PPP loans are intended for small businesses, many of which scarcely have the savings to weather a global economic downturn. Businesses that receive the loans have several months to defer payments, and the government will forgive large portions of the loans if a business uses the bulk of the money to keep workers on its payroll.

As the U.S. experiences record unemployment, Republican and Democratic lawmakers alike have credited the program with staving off an even worse unemployment crisis.

But the program has also been plagued by design flaws and accusations of corruption.

The program doled out millions of dollars to dozens of large, publicly traded companies that didn’t qualify as small businesses or had other avenues for raising capital. Shake Shack, which in recent years was one of the fastest-growing restaurant chains in the country, received and return a loan worth $10 million.

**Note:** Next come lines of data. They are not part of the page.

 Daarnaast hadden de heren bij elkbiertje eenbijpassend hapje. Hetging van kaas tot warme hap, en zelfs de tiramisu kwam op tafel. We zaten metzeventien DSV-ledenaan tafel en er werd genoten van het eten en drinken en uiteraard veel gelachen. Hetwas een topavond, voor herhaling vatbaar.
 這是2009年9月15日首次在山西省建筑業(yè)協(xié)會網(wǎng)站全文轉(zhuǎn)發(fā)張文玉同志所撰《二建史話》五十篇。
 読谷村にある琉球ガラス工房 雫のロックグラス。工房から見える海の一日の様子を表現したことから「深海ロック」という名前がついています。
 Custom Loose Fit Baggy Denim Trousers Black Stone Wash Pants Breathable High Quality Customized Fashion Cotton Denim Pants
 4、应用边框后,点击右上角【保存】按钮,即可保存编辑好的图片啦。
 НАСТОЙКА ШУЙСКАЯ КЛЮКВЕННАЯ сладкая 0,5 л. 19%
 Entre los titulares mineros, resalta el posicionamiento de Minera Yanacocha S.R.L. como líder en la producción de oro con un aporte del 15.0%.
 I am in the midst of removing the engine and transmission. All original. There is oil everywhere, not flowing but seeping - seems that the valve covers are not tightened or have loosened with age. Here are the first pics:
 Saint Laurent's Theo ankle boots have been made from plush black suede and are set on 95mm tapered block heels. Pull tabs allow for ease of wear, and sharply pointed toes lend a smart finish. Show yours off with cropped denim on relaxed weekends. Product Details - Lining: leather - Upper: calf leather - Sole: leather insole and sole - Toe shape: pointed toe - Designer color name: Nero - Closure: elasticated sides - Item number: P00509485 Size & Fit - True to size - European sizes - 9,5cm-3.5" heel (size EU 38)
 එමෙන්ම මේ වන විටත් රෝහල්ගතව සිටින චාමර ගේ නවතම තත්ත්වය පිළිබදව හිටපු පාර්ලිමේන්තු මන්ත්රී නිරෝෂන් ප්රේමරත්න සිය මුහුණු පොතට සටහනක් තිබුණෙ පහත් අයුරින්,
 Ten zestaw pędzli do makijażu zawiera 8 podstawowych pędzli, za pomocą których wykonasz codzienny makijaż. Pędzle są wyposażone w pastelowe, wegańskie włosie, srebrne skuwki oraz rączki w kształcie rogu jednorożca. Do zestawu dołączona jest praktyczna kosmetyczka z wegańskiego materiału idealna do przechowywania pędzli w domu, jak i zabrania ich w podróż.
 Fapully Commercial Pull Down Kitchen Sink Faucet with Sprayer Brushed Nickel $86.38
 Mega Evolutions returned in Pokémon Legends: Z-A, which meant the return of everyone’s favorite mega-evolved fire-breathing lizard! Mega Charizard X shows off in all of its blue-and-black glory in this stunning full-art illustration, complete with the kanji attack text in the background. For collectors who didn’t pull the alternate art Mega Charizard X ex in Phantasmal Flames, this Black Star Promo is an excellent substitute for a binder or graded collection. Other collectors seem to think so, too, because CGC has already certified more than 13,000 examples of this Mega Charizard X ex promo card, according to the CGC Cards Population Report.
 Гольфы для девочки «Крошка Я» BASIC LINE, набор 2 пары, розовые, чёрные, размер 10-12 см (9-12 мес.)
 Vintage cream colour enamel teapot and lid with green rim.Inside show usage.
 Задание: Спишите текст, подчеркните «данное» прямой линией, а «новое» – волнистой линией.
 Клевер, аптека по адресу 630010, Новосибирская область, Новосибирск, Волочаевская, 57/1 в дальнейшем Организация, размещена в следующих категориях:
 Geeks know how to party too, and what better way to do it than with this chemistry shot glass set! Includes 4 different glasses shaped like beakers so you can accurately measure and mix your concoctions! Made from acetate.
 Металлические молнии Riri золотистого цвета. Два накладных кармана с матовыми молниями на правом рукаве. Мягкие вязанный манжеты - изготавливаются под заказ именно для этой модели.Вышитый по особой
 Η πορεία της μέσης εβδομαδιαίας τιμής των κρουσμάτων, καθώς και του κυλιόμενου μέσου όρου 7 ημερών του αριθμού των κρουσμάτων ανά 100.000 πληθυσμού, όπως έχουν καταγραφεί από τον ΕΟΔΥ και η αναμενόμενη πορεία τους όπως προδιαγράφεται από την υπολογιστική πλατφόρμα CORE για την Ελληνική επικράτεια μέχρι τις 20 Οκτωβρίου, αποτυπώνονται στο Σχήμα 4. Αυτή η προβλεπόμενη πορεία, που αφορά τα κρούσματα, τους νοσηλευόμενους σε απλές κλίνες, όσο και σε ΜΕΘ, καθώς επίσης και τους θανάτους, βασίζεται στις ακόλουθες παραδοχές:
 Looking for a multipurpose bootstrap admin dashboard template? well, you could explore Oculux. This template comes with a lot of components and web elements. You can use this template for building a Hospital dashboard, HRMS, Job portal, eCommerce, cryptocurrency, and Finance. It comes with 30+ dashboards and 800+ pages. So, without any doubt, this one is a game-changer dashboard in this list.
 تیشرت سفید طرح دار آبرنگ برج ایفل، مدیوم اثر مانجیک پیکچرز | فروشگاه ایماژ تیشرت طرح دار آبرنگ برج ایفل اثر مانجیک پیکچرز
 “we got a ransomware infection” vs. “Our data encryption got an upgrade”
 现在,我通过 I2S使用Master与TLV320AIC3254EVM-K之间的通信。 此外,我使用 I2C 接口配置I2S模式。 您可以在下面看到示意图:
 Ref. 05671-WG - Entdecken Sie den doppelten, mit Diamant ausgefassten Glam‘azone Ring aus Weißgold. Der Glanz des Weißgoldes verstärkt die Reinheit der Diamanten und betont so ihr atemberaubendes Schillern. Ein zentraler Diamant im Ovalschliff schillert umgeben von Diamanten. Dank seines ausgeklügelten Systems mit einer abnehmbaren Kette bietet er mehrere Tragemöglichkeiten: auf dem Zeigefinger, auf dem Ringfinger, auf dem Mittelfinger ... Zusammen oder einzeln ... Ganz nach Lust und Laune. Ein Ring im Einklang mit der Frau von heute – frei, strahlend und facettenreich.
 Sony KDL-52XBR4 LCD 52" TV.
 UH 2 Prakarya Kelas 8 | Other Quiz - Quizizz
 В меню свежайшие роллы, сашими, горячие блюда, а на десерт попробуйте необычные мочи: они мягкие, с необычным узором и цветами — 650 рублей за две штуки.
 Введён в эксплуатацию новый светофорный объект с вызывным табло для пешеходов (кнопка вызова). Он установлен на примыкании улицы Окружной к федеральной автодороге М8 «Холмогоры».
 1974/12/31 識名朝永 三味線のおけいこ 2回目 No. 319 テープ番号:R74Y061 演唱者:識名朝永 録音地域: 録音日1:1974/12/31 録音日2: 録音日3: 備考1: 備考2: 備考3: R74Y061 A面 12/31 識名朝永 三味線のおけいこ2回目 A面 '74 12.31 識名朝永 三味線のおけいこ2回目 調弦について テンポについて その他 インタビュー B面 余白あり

The program also benefitted multiple companies with financial troubles that long predated the pandemic and executives which used the loans to shore up bonuses.

The Small Business Administration left it up to banks to determine who should receive loans, allowing some banks to prioritize their wealthiest clients. Meanwhile, mom-and-pop stores found themselves in a mad dash to apply before each round of money dried up.

“I can count on one hand — literally on one hand — the number of businesses in my district who have received assistance,” Rep. Adriano Espaillat (D-N.Y.), who represents upper Manhattan, complained after the first round of loans.

Without adequate oversight, public watchdogs have noted, it would be easy for the money to follow existing trends of inequality.

“We need to know if there are racial or ethnic or gender implications of who got this money to understand its impact on inequality,” Amanda Fischer, policy director at the Washington Center for Equitable Growth, told HuffPost in April.

To give more minority communities access to the loans, secondary rounds of the loan program set aside some money for small community banks.

But Republicans in Congress have resisted demands from Democrats to show where the bulk of the money is going.

Rep. Katie Porter (D-Calif.) and Sen. Kamala Harris (D-Calif.) are now calling for all loans made under the program to be made public.